* **Problem details**:
Take each line in the entries below that holds "with" and show it.

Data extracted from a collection
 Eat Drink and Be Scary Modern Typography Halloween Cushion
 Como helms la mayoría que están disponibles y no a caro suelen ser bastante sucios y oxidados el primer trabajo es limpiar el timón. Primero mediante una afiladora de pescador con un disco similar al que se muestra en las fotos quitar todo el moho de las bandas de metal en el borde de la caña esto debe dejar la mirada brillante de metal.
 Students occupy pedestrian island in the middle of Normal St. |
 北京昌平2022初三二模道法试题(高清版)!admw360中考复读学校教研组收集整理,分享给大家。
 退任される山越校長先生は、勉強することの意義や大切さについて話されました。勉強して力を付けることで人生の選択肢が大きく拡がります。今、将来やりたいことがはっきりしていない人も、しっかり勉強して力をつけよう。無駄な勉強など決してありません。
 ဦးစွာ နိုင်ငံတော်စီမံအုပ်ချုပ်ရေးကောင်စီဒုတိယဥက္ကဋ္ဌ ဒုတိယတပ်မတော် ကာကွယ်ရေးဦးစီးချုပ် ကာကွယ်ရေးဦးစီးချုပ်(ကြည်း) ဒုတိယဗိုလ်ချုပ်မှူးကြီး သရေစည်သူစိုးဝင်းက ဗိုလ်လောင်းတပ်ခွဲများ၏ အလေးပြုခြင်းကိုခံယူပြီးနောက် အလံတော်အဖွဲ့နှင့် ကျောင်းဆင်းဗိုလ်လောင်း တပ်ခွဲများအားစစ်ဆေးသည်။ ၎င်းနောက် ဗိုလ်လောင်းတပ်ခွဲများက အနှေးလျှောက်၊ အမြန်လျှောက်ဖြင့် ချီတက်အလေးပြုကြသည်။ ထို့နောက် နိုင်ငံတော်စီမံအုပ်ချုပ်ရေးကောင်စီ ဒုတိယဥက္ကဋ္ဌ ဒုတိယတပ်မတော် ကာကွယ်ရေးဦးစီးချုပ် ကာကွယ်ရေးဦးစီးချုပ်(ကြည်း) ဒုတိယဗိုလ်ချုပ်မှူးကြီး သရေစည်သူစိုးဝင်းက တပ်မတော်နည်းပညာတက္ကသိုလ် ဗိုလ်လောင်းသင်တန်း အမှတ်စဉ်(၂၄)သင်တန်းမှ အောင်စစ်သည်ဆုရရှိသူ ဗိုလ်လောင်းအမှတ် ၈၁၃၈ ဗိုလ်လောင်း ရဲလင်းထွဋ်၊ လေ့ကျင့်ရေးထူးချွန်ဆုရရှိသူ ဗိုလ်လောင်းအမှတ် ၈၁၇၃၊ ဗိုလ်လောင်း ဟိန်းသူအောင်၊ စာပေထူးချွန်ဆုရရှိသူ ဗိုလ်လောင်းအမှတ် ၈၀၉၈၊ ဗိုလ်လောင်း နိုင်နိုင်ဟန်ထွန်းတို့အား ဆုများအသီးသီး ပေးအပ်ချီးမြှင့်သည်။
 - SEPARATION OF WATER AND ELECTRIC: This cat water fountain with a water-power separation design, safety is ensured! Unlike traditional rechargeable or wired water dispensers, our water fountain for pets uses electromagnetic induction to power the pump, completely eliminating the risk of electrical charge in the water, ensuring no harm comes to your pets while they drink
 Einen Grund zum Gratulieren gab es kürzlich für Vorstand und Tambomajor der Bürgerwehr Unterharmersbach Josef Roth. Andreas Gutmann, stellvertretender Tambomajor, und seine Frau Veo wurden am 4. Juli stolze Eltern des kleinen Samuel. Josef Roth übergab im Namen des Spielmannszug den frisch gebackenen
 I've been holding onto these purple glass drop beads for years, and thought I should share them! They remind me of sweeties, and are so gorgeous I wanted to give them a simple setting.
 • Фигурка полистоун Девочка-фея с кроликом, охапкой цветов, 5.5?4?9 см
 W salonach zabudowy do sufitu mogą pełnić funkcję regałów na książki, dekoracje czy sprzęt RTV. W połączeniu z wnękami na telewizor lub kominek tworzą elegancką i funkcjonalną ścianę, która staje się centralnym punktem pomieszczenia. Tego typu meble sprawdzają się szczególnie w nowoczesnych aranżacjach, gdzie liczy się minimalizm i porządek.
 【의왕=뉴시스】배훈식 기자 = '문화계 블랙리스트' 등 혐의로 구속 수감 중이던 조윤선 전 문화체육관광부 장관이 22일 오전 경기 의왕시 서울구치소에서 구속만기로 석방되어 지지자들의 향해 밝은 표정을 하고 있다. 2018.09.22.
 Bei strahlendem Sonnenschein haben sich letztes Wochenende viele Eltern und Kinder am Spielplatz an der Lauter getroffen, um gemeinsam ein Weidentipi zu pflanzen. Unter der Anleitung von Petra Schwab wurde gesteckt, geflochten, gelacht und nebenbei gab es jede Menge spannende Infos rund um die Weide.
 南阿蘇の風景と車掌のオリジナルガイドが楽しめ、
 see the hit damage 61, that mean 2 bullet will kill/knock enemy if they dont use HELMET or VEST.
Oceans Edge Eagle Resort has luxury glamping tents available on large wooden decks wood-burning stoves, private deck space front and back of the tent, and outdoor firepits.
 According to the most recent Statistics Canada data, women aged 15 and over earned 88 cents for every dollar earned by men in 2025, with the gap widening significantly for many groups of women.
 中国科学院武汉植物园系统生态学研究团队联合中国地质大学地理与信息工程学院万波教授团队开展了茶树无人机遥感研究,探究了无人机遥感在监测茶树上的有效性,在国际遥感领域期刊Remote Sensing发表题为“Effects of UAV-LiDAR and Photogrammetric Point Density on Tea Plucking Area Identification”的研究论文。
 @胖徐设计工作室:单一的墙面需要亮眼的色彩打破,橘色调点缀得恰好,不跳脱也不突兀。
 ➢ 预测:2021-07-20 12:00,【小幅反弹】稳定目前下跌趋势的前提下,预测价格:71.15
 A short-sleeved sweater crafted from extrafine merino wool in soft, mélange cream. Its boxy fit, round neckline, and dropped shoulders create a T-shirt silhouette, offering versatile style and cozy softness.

* **Result of this task**:
 - SEPARATION OF WATER AND ELECTRIC: This cat water fountain with a water-power separation design, safety is ensured! Unlike traditional rechargeable or wired water dispensers, our water fountain for pets uses electromagnetic induction to power the pump, completely eliminating the risk of electrical charge in the water, ensuring no harm comes to your pets while they drink
 According to the most recent Statistics Canada data, women aged 15 and over earned 88 cents for every dollar earned by men in 2025, with the gap widening significantly for many groups of women.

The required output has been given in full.